# What is a gaper to you?



## Just Cause (Jan 28, 2012)

First of all, I'm new to snowboarding so take it easy:cheeky4:

I see a lot of people on here referring to new riders as gapers. I also see people saying gapers are the equivalent of a poser. 

So what defines a gaper in your opinion? does being new to snowboarding automatically deem you a gaper?


----------



## snowklinger (Aug 30, 2011)

http://www.snowboardingforum.com/snowboarding-general-chat/46675-definition-gaper.html


----------



## Just Cause (Jan 28, 2012)

Checking that link out now. thanks


----------



## Donutz (May 12, 2010)

There've been a few threads on this subject. The consensus seems to be that gapers are people who ride around totally oblivious to the fact that there are other people on the mountain. Gapers will ride (or ski) right across a jump as someone is approaching it, or they'll come in from the side, ride up to the lip, and stop to admire the view. Or they'll decide to take a rest break right in the middle of the landing. Or a group of them will stop several across right at the narrowest part of the run.

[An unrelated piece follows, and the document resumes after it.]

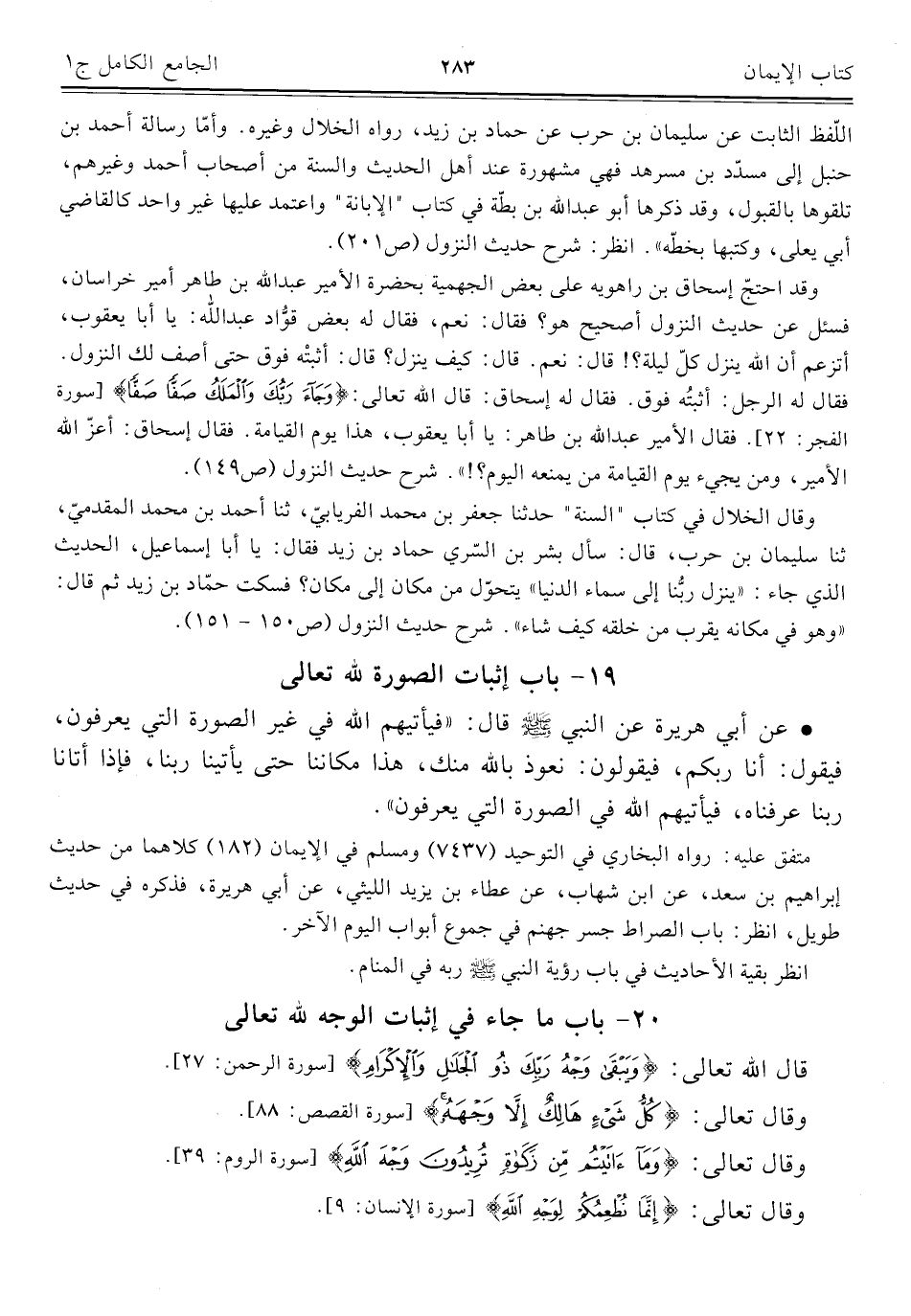 ٢٠ - باب ما جاء في إثبات الوجه للَّه تعالى

Basically, these are the people who drive slow in the fast lane, park their shopping buggies crosswise in the narrowest part of the aisle, stop right at the exit of the escalator to think, etc.

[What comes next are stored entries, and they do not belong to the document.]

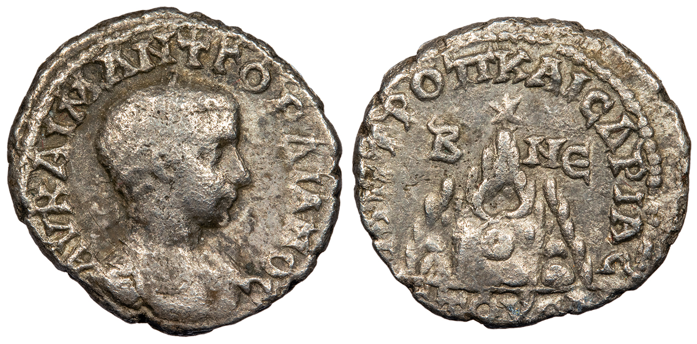 AR Drachm 18mm. 3.63g. Yr. 4 (241 A.D.) Laureate and cuirassed bust r., seen from front. AY KAI M ANT GORDIANOC Mount Argaeus, star above; B-NE across fields; In ex.: ETOYC (delta) MHTROP KAICARIAC RPC VII.2 3319 (online) Good Fine. Scarce. Toned. A few hints of lustre in legends. Mild porosity.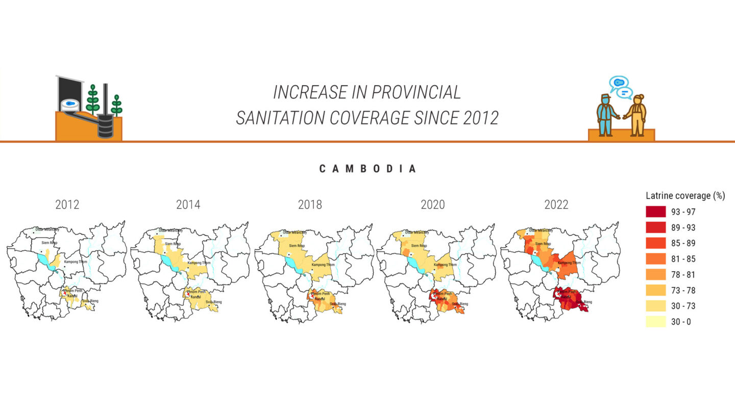 In Svay Rieng province, in Cambodia’s south-east, just 19 percent of households were equipped with a latrine when iDE launched SMSU in 2009. With low coverage came a high demand for toilets, peaking in 2014 when 9,232 were installed in the province. In the same year 70,355 iDE latrines were installed by the program across seven target provinces. In Svay Rieng, efforts to increase sanitation coverage have been so successful, in April 2022 the province was the first to be declared ODF. Svay Rieng’s Department of Rural Development, which worked closely with iDE, was instrumental in achieving ODF status for its jurisdiction because of its deep understanding of sanitation sustainability, especially when it came to targeted subsidies and risks of market distortion.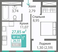 Продаётся 1-комнатная квартира в строящемся доме (Дом 2 (Секции Т2.1, Т2, К3КП1)), срок сдачи: I-кв. 2029, общей площадью 27.85 кв.м., на 9 этаже. Новый жилой комплекс "Благо" от застройщика "Монолит" расположен по адресу: Республика Крым, Симферопольский район, село Перово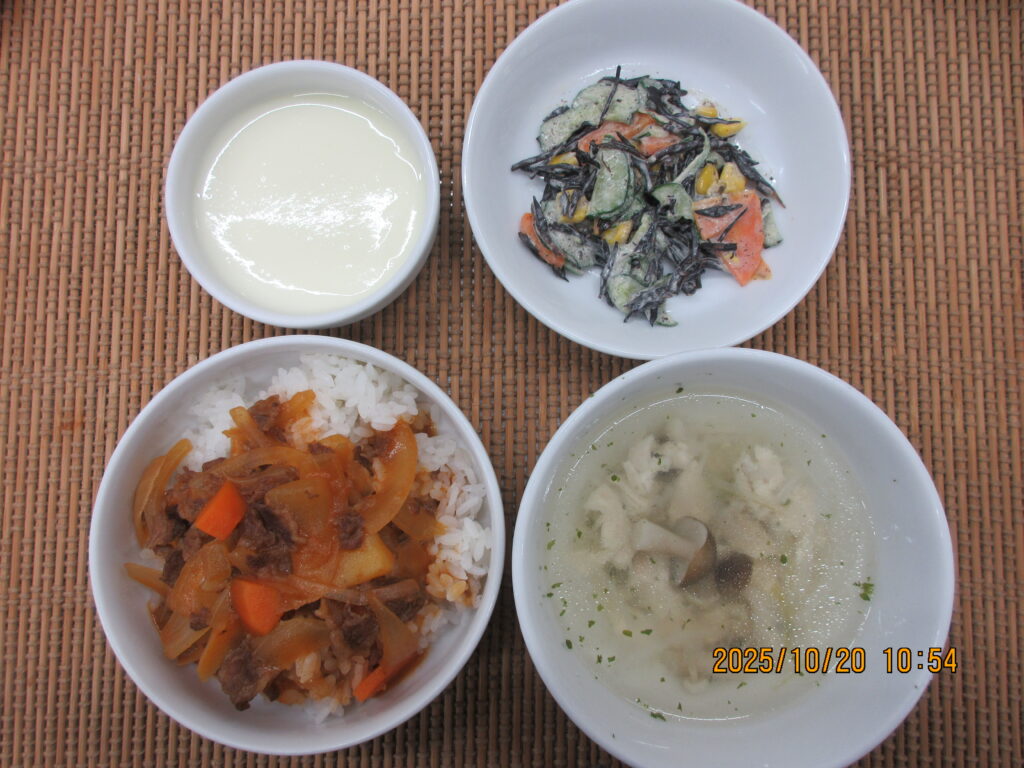 昼【ハヤシライス、ひじきのマヨネーズサラダ、スープ、ヨーグルト】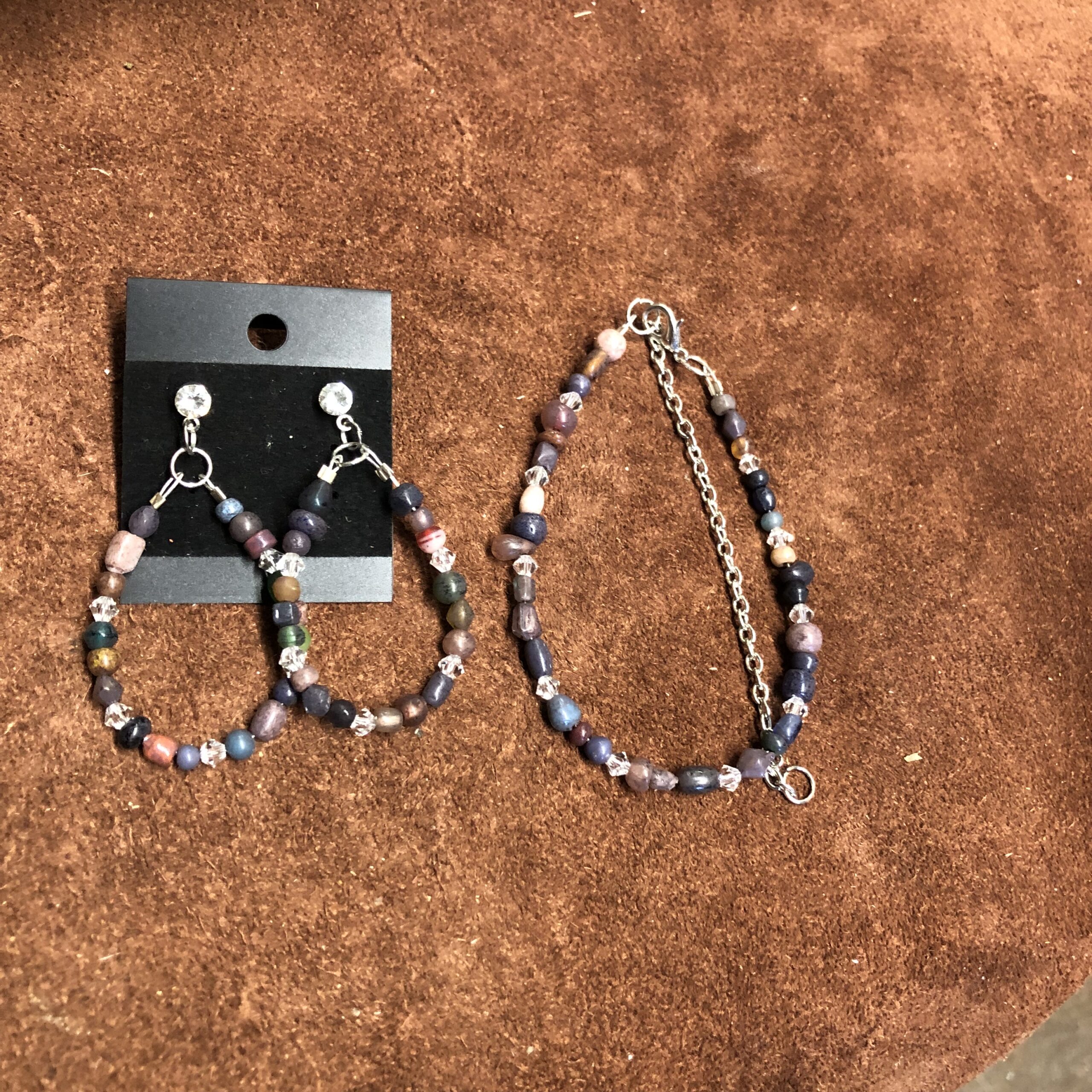 Various Colored Beads Bracelet and Earrings with Rhinestone Studs.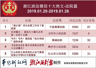 本期法院榜,“宁波慈溪法院”脱颖而出,公号热文《“壹江城”项目处置工作有了新进展》引起广泛关注,收获阅读数近万。“玉环市人民法院”表现亮眼,《失信曝光|被执行人曝光名单第一百四十五期》一文收获阅读数7437。被这么多人围观也是够丢脸了,大家千万不要当“老赖”。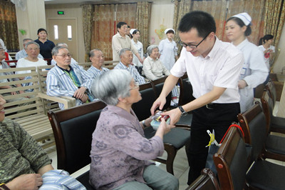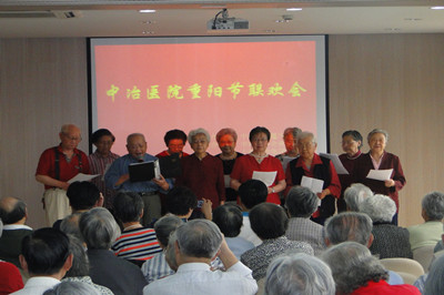 首先,中冶医院党委书记刘剑平代表医院党政工领导和全体医护人员向老人们致以节日的问候,感谢老人们为祖国的发展做出的贡献,并表示希望老人们在这安心住院,医院将竭诚为老人们做好服务,让他们在这里安享幸福舒适的晚年生活。中冶上海企业团工委书记王靖涛也向老人们送上了祝福,衷心祝愿他们生活愉快,健康长寿。随后,老人们献上了他们自编自演的文艺节目,有住院的老人们自发组织的红歌队的表演唱,还有对唱、独唱、京剧表演、诗朗诵等精彩的节目,其中有位老人自编自演山东快书,以表达对医务人员的感激之情。虽然这些老人已过不惑之年,但在自己的节日里却像孩童一般的高兴,歌声和舞姿也依然那么动听和优美,他们的表演得到了大家热烈的掌声和欢呼声。看到老人们精彩的表演,刘剑平书记和分院的徐伟健院长也上台为老人们演唱了一曲《莫斯科郊外的晚上》,兄弟单位的团员代表也为老人们献上了歌曲《绒花》、《母亲》,表达了在沪企业广大团员青年对全院离退休老干部的节日祝福!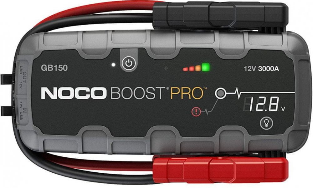 NOCO GB150 přenosné startovací zařízení. Výrobce NOCO. GB150 slouží pro nouzové startování osobních automobilů, dodávek, malých nákladních aut, motocyklů, čtyřkolek, sekaček atd. reálným proudem až 1000A.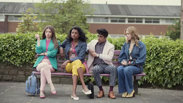 Camisa púrpura estampada de Anwar (Chaneil Kular) como se ve en Sex Education S01E01

Even if you're a beginner, if you put some reasonable effort into basic courtesy and being aware of what other people are trying to do, you're not a gaper.

Someone else can do 'poser'.


----------



## Flick Montana (Jul 9, 2007)

I always thought of gapers as the people who stand around on the runs gaping at all the people who fly by. They rarely participate in any actual snow sporting because they have no idea what they are doing and, thus, are often seen wearing their gear backwards.


----------